## EXERCISE INPUT
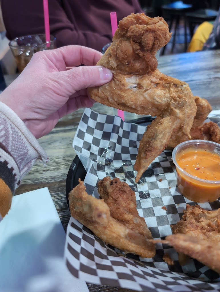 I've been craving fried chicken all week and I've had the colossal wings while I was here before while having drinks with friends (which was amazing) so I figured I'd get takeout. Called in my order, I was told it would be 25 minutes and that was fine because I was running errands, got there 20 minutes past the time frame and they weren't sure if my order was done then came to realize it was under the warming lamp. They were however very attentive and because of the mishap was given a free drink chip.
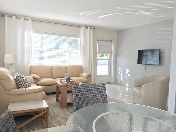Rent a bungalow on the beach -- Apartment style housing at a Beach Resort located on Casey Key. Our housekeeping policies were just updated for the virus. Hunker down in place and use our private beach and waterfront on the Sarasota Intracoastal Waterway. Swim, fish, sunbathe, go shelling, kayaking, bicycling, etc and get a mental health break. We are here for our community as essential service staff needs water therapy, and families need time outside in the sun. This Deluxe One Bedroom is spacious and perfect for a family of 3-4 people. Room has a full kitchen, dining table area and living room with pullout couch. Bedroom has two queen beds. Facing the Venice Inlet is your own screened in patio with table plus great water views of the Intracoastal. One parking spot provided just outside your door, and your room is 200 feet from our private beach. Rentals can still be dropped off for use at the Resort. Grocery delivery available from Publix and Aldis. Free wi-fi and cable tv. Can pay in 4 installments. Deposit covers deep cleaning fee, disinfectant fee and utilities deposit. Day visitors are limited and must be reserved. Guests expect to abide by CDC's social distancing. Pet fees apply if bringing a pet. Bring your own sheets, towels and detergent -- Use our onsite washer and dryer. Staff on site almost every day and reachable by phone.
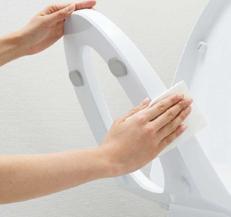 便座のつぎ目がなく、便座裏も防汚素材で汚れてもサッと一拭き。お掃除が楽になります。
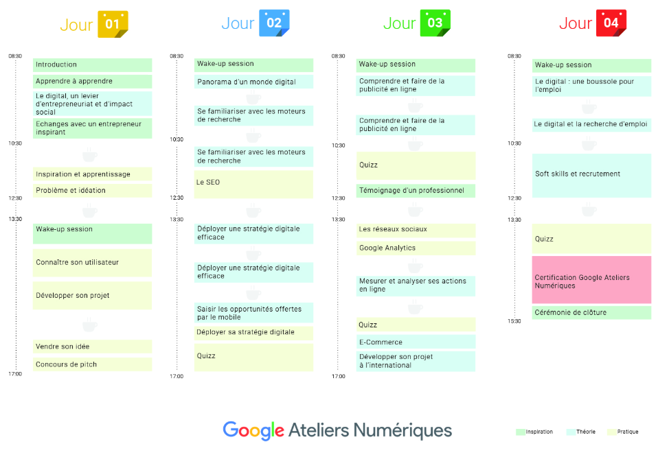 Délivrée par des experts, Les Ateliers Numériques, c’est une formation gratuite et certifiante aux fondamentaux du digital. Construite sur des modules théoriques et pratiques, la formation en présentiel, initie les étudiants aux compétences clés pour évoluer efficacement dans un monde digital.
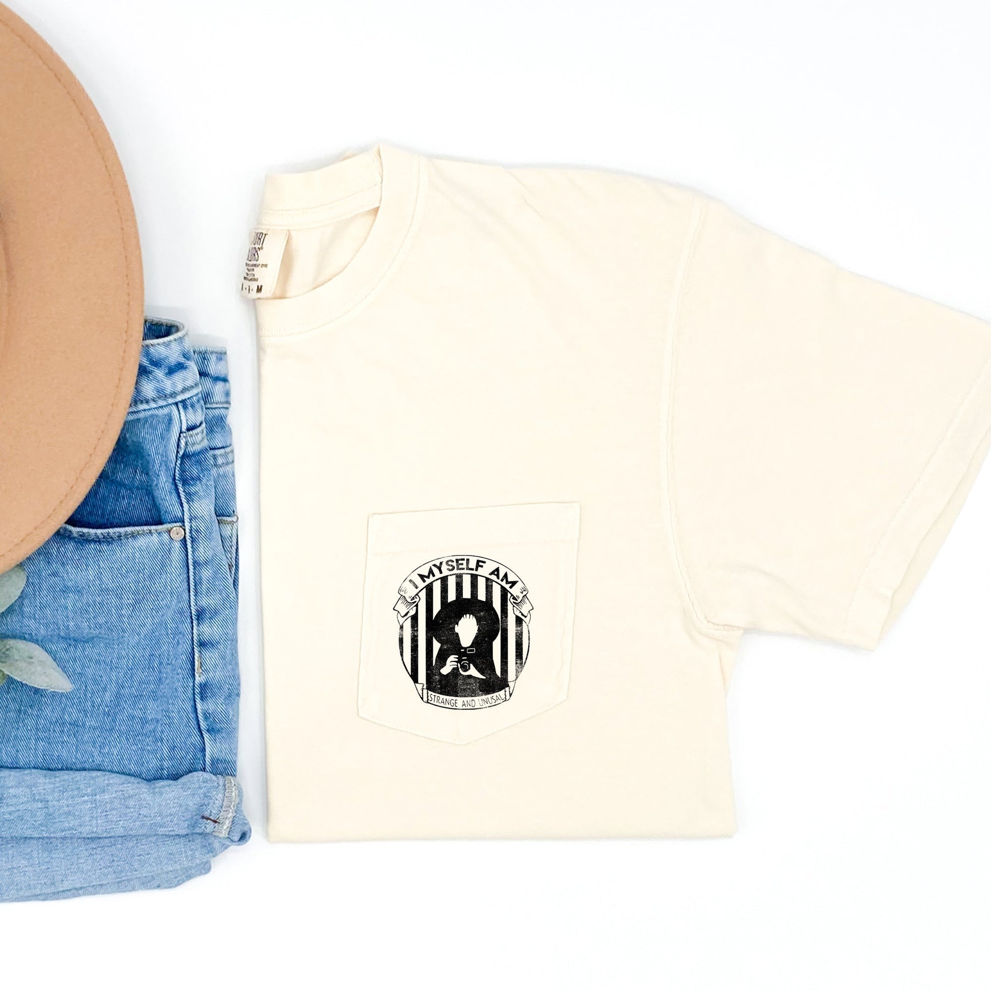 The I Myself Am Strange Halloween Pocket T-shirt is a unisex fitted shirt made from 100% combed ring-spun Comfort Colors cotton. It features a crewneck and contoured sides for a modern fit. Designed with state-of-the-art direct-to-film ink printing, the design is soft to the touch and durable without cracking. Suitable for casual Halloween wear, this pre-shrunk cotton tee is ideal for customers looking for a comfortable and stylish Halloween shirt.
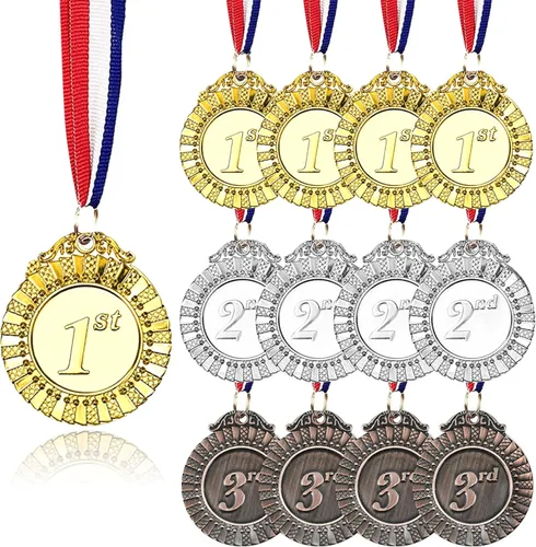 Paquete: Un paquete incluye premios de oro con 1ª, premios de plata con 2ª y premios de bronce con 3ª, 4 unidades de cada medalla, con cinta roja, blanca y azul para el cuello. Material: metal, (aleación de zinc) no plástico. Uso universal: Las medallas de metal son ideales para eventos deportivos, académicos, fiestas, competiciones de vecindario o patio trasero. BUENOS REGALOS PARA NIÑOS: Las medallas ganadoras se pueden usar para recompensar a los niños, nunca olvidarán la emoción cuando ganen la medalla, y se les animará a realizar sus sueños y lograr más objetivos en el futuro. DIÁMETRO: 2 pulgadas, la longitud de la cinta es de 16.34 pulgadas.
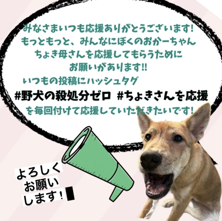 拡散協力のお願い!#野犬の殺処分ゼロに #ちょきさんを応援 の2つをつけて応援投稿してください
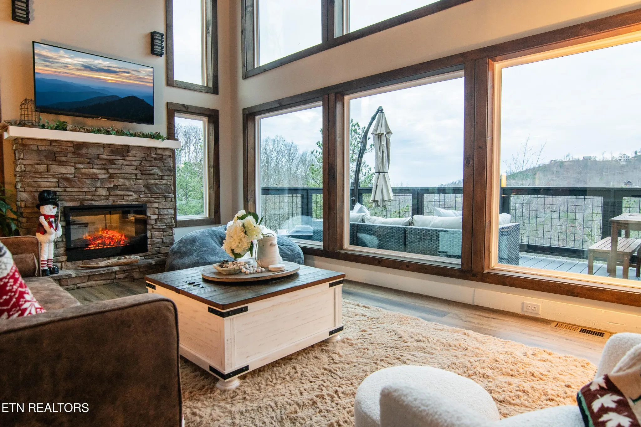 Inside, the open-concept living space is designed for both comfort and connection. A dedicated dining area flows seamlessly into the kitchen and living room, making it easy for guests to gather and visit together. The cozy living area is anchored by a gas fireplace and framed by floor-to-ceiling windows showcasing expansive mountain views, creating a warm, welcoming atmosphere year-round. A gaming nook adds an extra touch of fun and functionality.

...

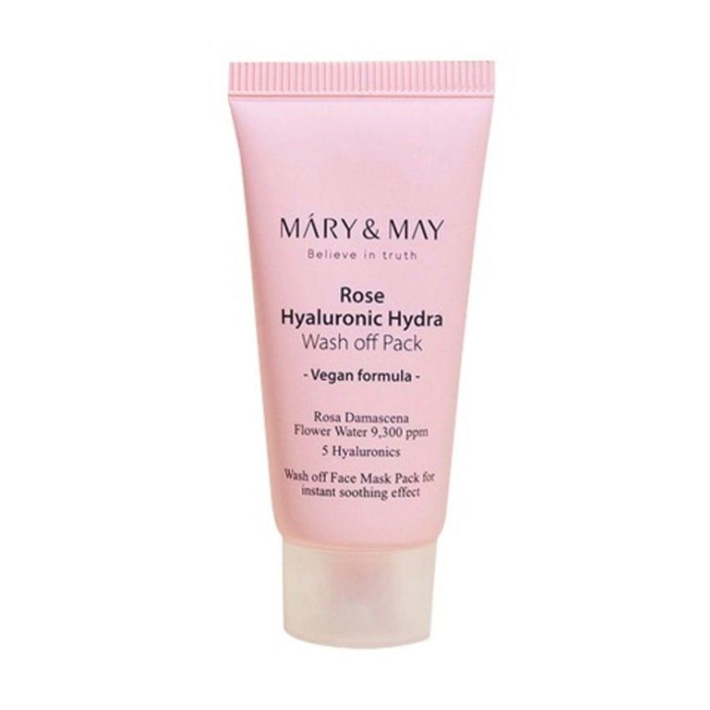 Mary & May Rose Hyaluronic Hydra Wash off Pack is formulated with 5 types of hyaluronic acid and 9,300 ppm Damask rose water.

---

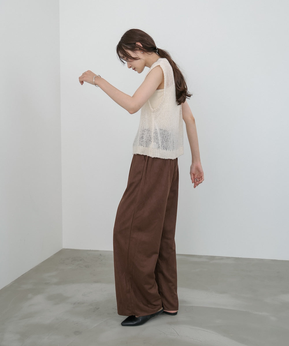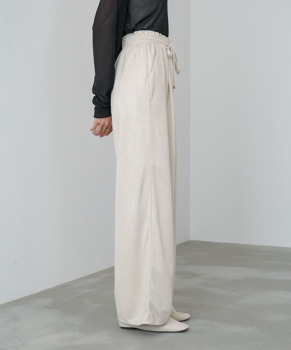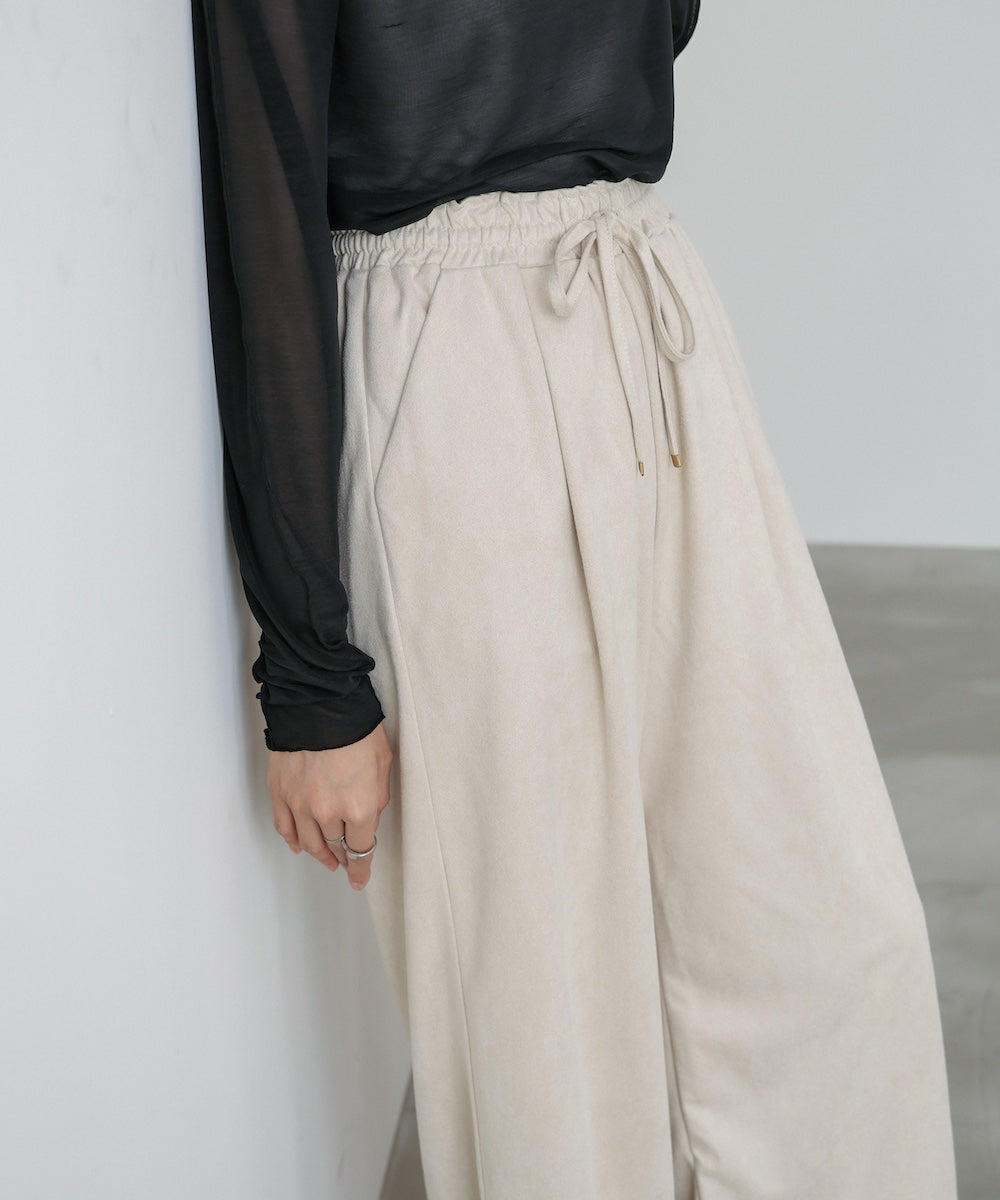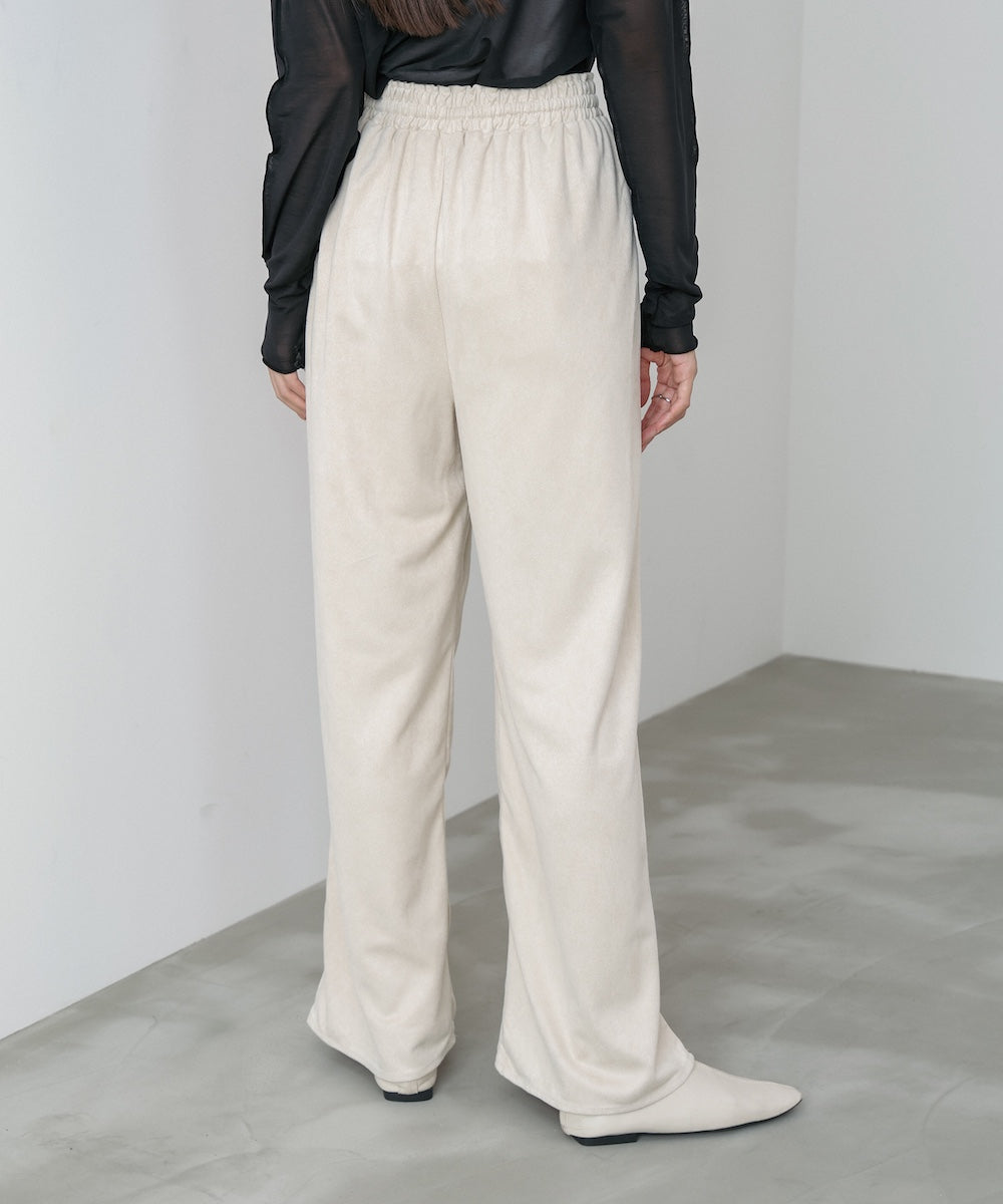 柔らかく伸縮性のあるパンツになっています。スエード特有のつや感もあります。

## REQUIRED WORK
A clean copy is needed of the lines above from the one with "拡散協力のお願い!#野犬の殺処分ゼロに #ちょきさんを応援 の2つをつけて応援投稿してください" up to and including the one with "Inside, the open-concept". Please set it down exactly, with no pictures.

## RESULT BELOW
 拡散協力のお願い!#野犬の殺処分ゼロに #ちょきさんを応援 の2つをつけて応援投稿してください
 Inside, the open-concept living space is designed for both comfort and connection. A dedicated dining area flows seamlessly into the kitchen and living room, making it easy for guests to gather and visit together. The cozy living area is anchored by a gas fireplace and framed by floor-to-ceiling windows showcasing expansive mountain views, creating a warm, welcoming atmosphere year-round. A gaming nook adds an extra touch of fun and functionality.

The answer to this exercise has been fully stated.